From what I know about laser optics, the great difference the laser makes is, that laser light is extremely phase-coherent, ie all its energy is associated with a single wave front: that makes a laser beam not to open the same way as normal, non-coherent light does (I remember projecting a real, well collimated laser beam over a target more than 400 m. far, and the diameter of the beam, measured at the target, wasnīt more than 4% wider than the beam emerging from the collimating lense). This unique property makes lasers so useful in data transmission -Remember NASA experiments with a laser beam bouncing back from satellites?
Yes, and you can get the same performance from laser diodes. For example those used in laser pointing devices. They are virtually the same as the laser diodes used for CD except that they lase in the visible red spectrum (usually either 630nm or 650nm depending on the laser diode).
Wave coherent light (laser) is relatively easy to focus, and to recover when reflected on a surface; normal, non-coherent light isnīt.
Yes, which is why CDs use lasers.
Maybe what the green paint does is just clean the reflected beam from non-coherent (red, visible) light, getting a better focused beam at the photodiode.
Perhaps it does. Wouldn't be difficult to determine that. But that's not really the issue in this thread.
And re what somebody said about errors, that sounds to me as the old "bits are bits" song.

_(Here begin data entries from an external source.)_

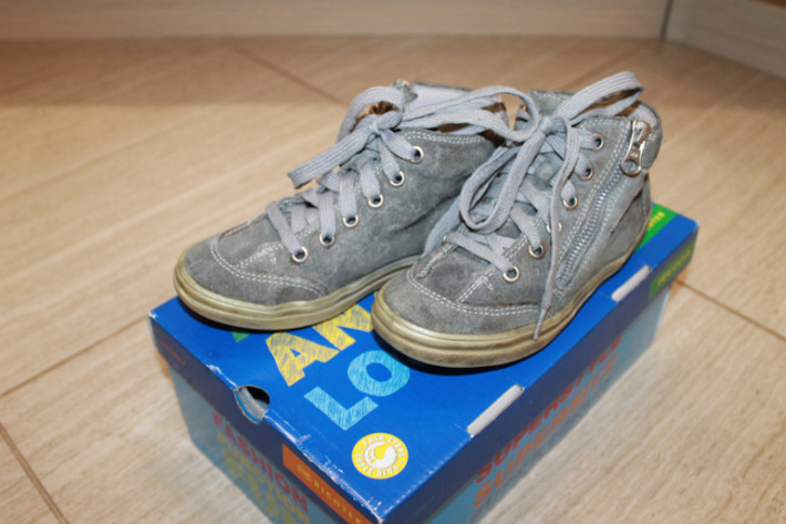3. Ботинки Richter(Рихтер) серого цвета, замшевые, на не скользящей резиновой подошве. С боку молния, очень удобно одевать ребенку самому. Звездочки по бокам при ходьбе мигают (на одном ботиночке два огонька не работают). Состояние хорошее. Размер 30. Цена 1200 руб.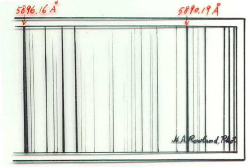 罗兰(Henry Augustus Rowland,1848—1901)是美国约翰·霍普金斯大学教授。他以周密的设计、精巧的工艺制成了高分辨率的平面光栅和凹面光栅,获得的太阳光谱极为精细,拍摄的光谱底片展开可达 50 英尺,波长从 2 152.91 Å 到 7 714.68 Å,用符合法求波长,精确度小于 0.01 Å。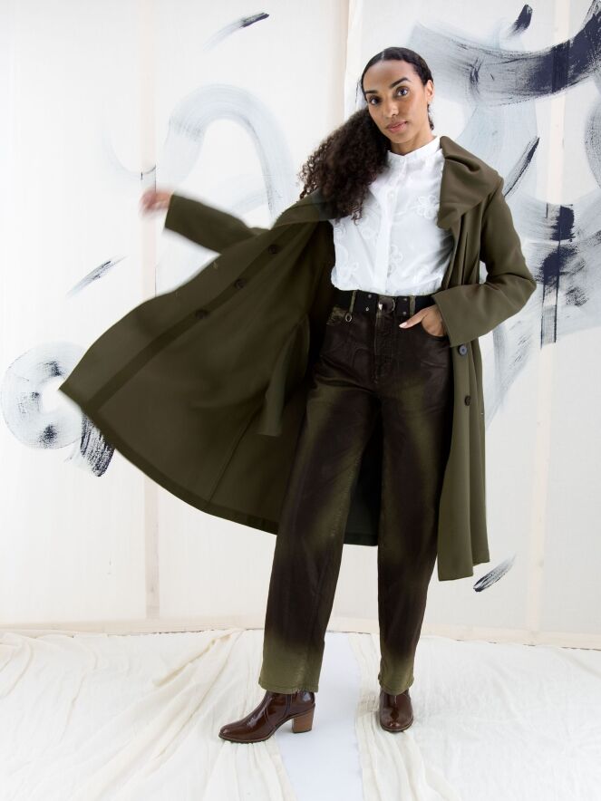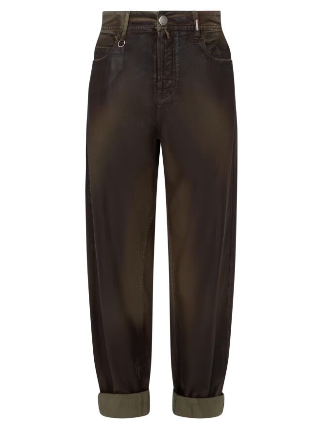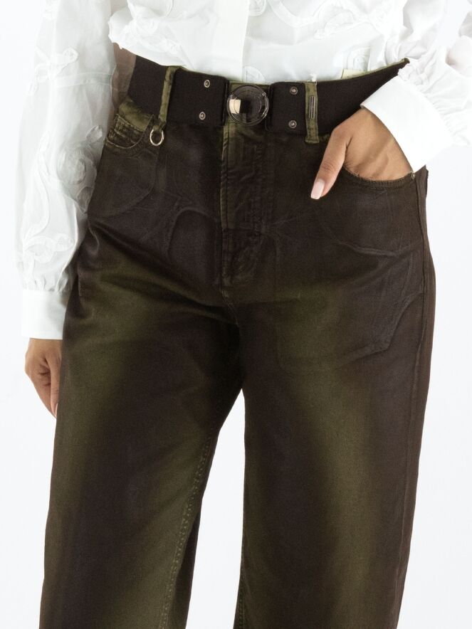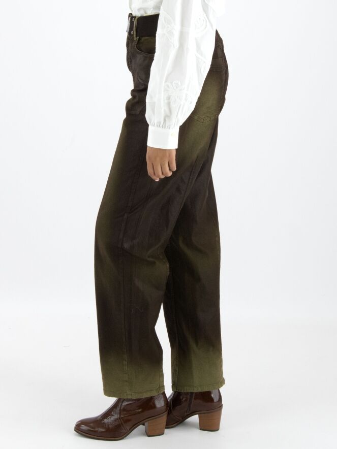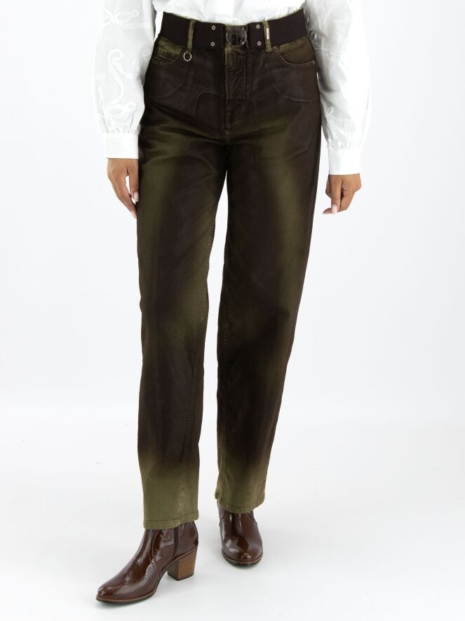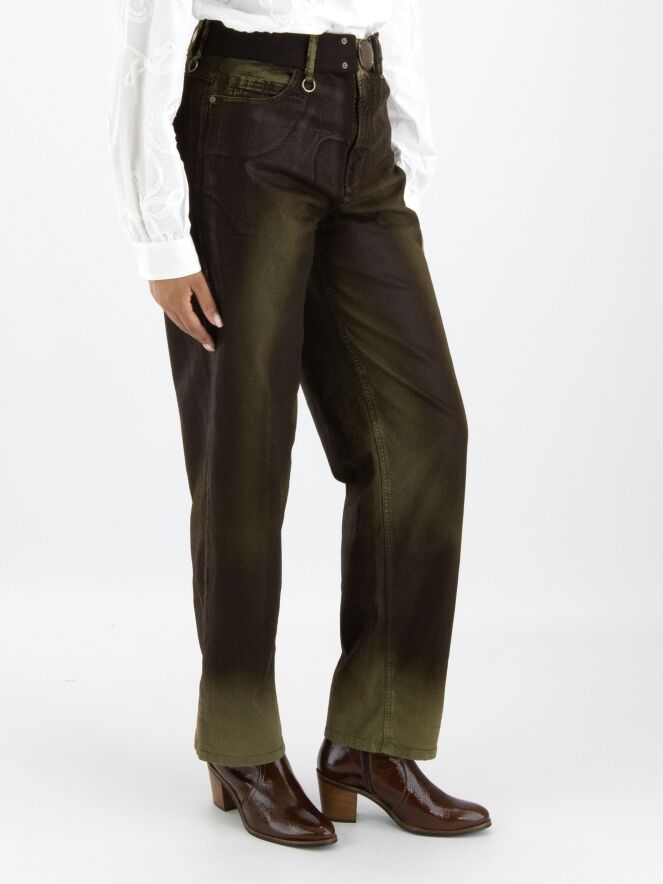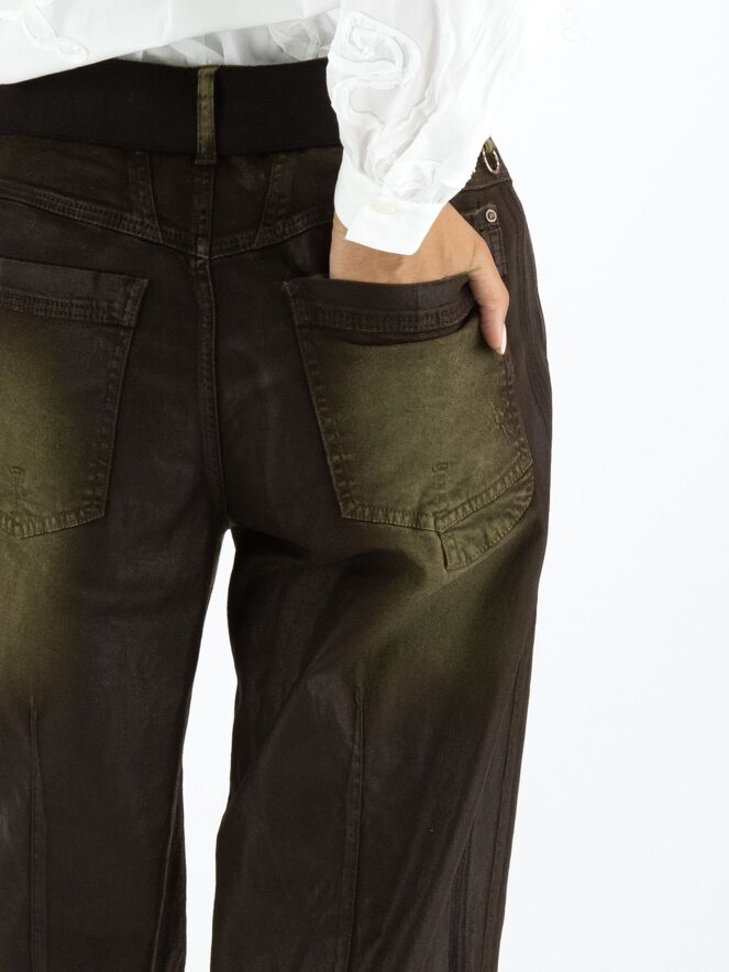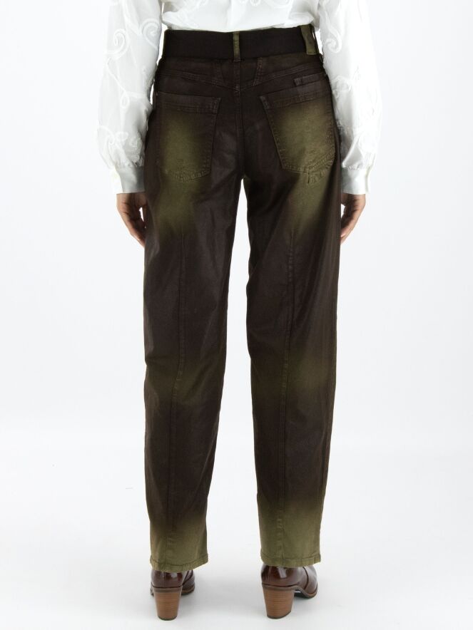 A luxurious waxed jeans with a gradient look due to the wash, featuring multiple shades of khaki. The waistband has a black elastic belt with a nickel-colored round buckle. The jeans are in a 5-pocket style and can be hand-washed.

With respect to data integrity (which IS the issue in this tread) bits IS bits. If the original data word is 0011010110100110 and you recover 0011010110100110, there is ABSOLUTELY ZIP, ZILCH, ZERO difference between them. NONE. They are EXACTLY the same data.
So as long as you are recovering the data off the disc without error, then all the green pens in the world will have ZIP, ZILCH, ZERO effect on data integrity except to possibly INTRODUCE unrecoverable errors.
And provided you have recovered the data off the disc without error, there are only two things which can possibly produce an audible difference at the output of the DAC chip. That is WHEN the data is converted (i.e. jitter) and how ACCURATE the resultant analog value is after conversion (i.e. nonlinearities in the converter).
And indeed there are many things downstream which can have an effect on both of those elements, but that's not the issue raised by the original poster which had to do with the integrity of the data read off the disc.
Unfortunately, thatīs not quite true: if thereīs parasitic light, or if there are fluctuations (flutter) in the spinning CD, not all engraved bits can be read, as some will appear to the photodiode just in the limit of what can clearly be taken for a bit (itīs differences what the photodiode detects). Itīs there that error-correction mechanisms come to help.
Yes. And as has been said (and demonstrated) the error detection/correction system is quite robust and I have not seen any evidence yet that green pens (or black pens for that matter) have any appreciable effect on the accurate recovery of data off the disc. There's plenty of speculation, but not even the folks who sell these tweaks have shown any evidence of it even though it can be done quite trivially.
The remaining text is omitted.